In Chapter 2, we consider the problem of finding a set of feasible or near-feasible systems among a finite number of simulated systems in the presence of subjective stochastic constraints. A decision maker may want to test multiple constraint threshold values for the feasibility check, or she may want to determine how a set of feasible systems changes as constraints become more strict with the objective of pruning systems or finding the system with the best performance. We present indifference-zone procedures that recycle observations for the feasibility check and provide an overall probability of correct decision for all threshold values. Our numerical experiments show that the proposed procedures perform well in reducing the required number of observations relative to four alternative procedures (that either restart feasibility check from scratch with respect to each set of thresholds or with the Bonferroni inequality applied in a conservative way) while providing a statistical guarantee on the probability of correct decision.

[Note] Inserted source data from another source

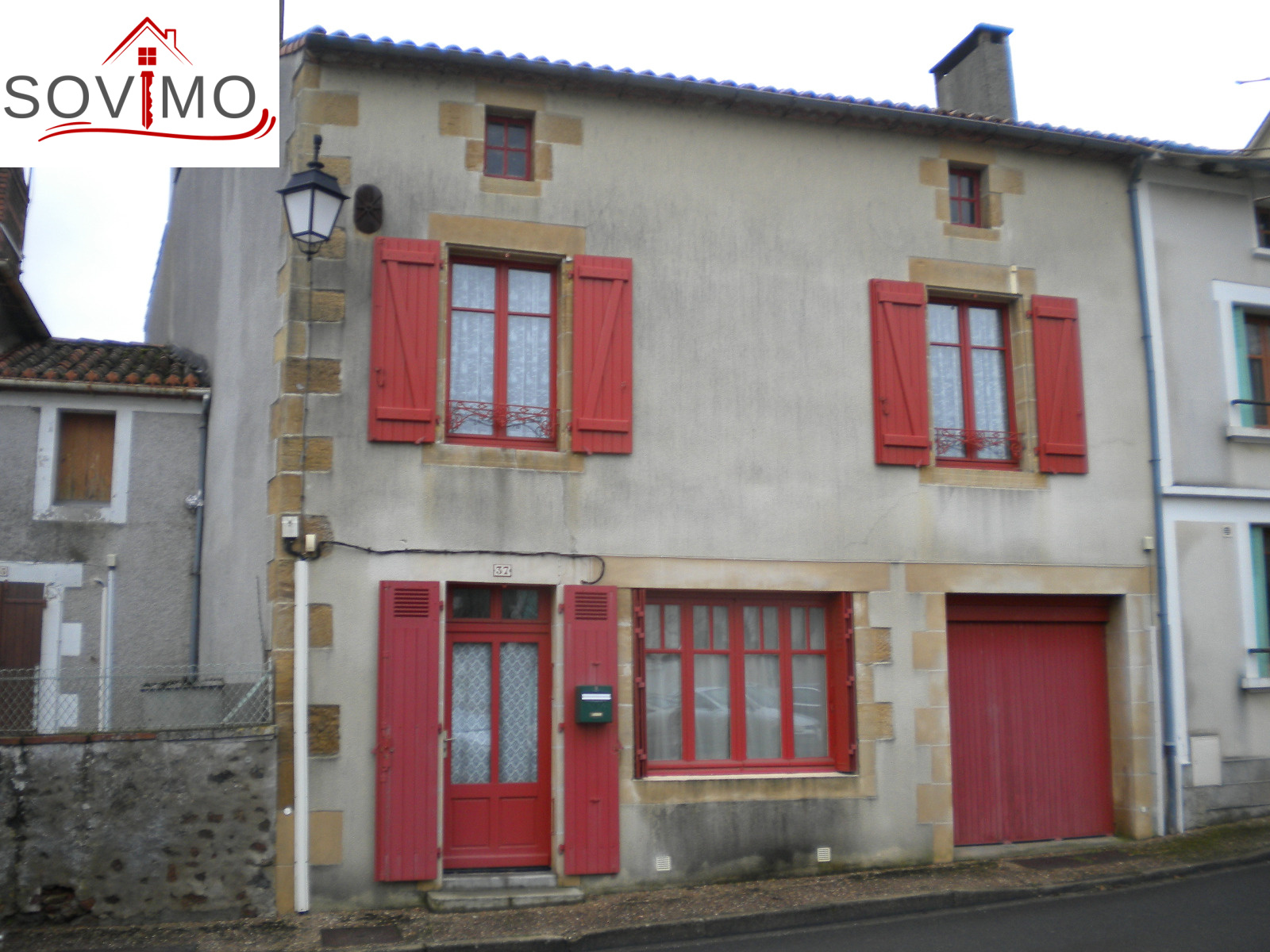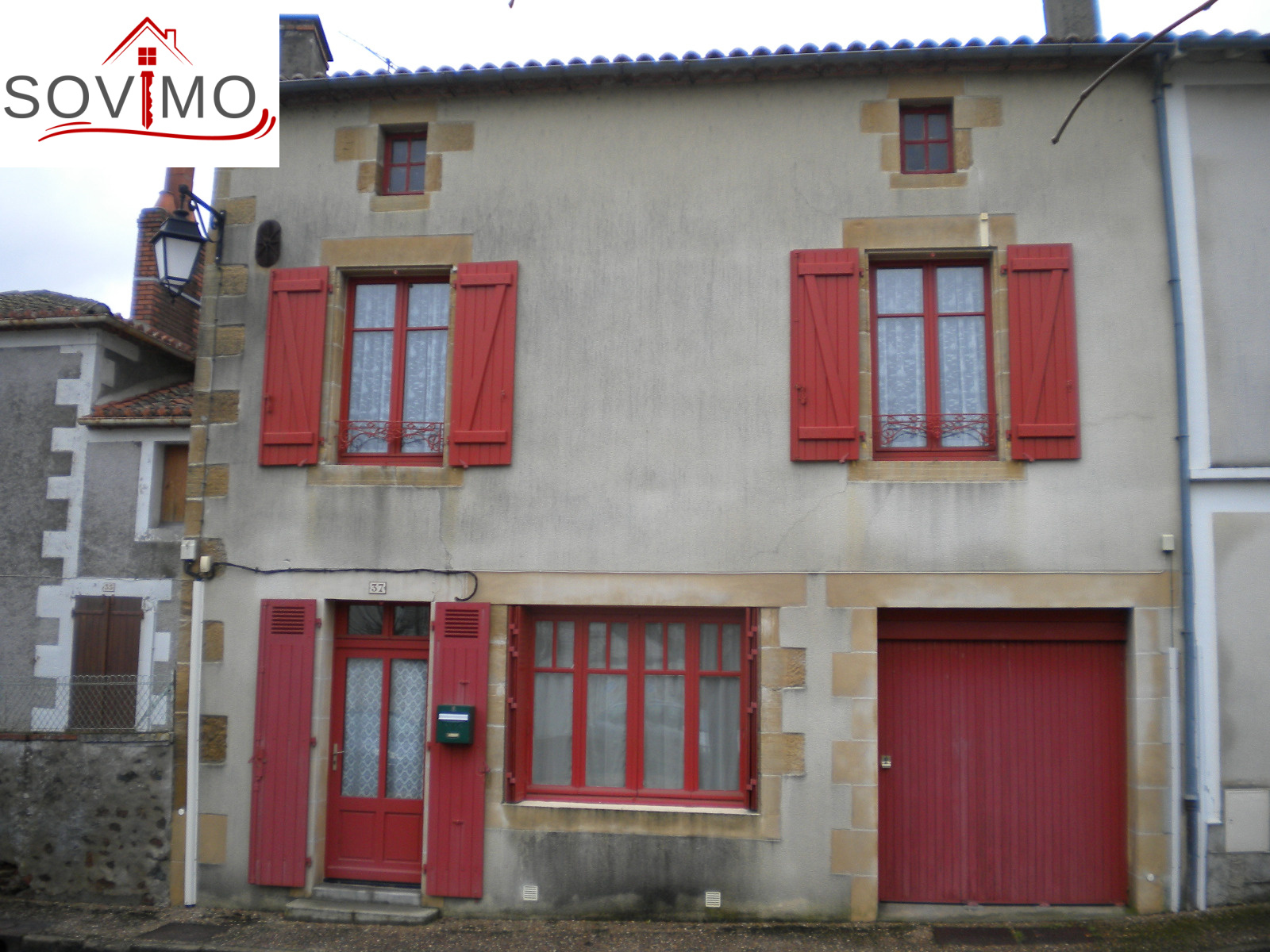 REF. 33882 : 44 000 euros H.Ag.Incl, Availles Limouzine (86), dans un bourg avec commerces, maison mitoyenne tout confort, 100 m2 env. utilisables : cuisine/séjour, salon, dégagement, étage : palier, 2 chambres, salle de bain/wc, grenier aménageable 60 m2, chauffage central fuel, remise/garage avec wc et puits, grenier au dessus, hangar, tout à l'égout, jardin attenant, le tout sur 376 m2.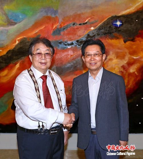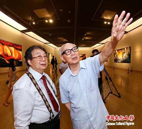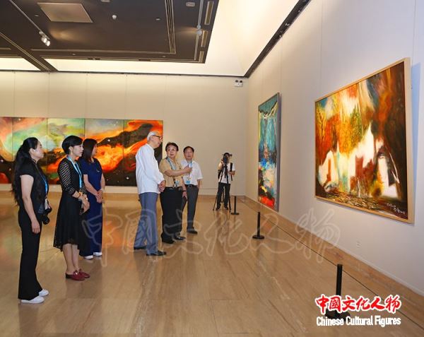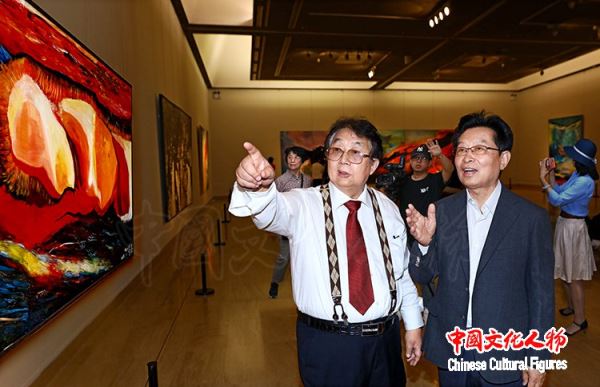 6月5日,中共中央宣传部原秘书长、中国政研会副会长官景辉来到中国美术馆,在著名油画家蔡居的陪同下参观“雕琢复朴——蔡居抽象画展”,对蔡居在抽象艺术领域取得的成就给予高度赞扬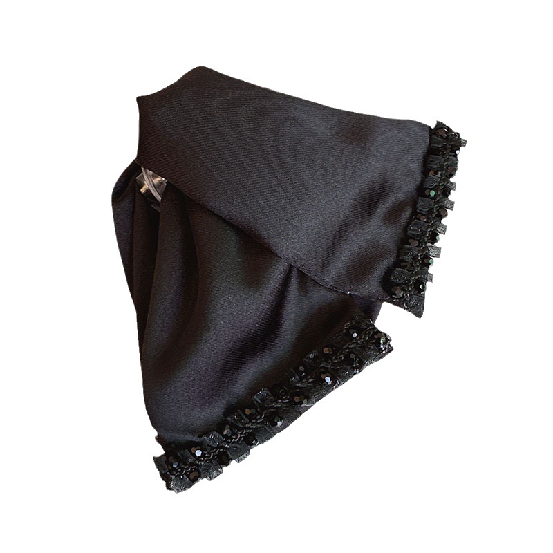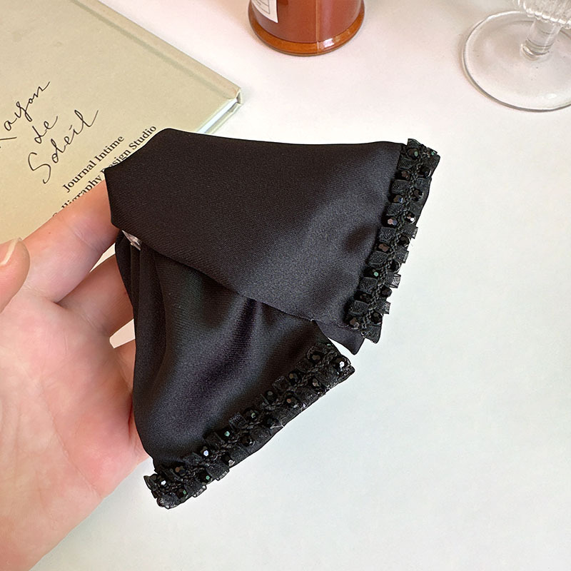 エレガントなサテン素材に繊細なレース装飾を施した高級感あふれるシュシュです。

Chapter 3 considers the problem of finding a system with the best primary performance measure among a finite number of simulated systems in the presence of subjective stochastic constraints on secondary performance measures. When no feasible system exists, the decision maker may be willing to relax some constraint thresholds. We take multiple threshold values for each constraint as a user’s input and propose indifference-zone procedures that perform the phases of feasibility check and selection-of-the-best sequentially or simultaneously. We prove that the proposed procedures yield the best system in the most desirable feasible region possible with at least a pre-specified probability. Our experimental results show that our procedures perform well with respect to the number of observations required to make a decision, as compared with straightforward procedures that repeatedly solve the problem for each set of constraint thresholds.
In Chapter 4, we consider the problem of finding a portfolio of systems with the best primary performance measure among finitely many simulated systems as stochastic constraints on secondary performance measures are relaxed. By finding a portfolio of the best systems under a variety of constraint thresholds, the decision maker can identify a robust solution with respect to constraints or consider the trade-off between the primary performance measure and the level of feasibility of the secondary performance measures. We propose indifference-zone procedures that perform the phases of feasibility check and selection-of-the-best sequentially and simultaneously. Our proposed procedures show a significant reduction in the required number of observations to achieve the decision compared with applying straightforward procedures repeatedly with respect to each set of constraint thresholds.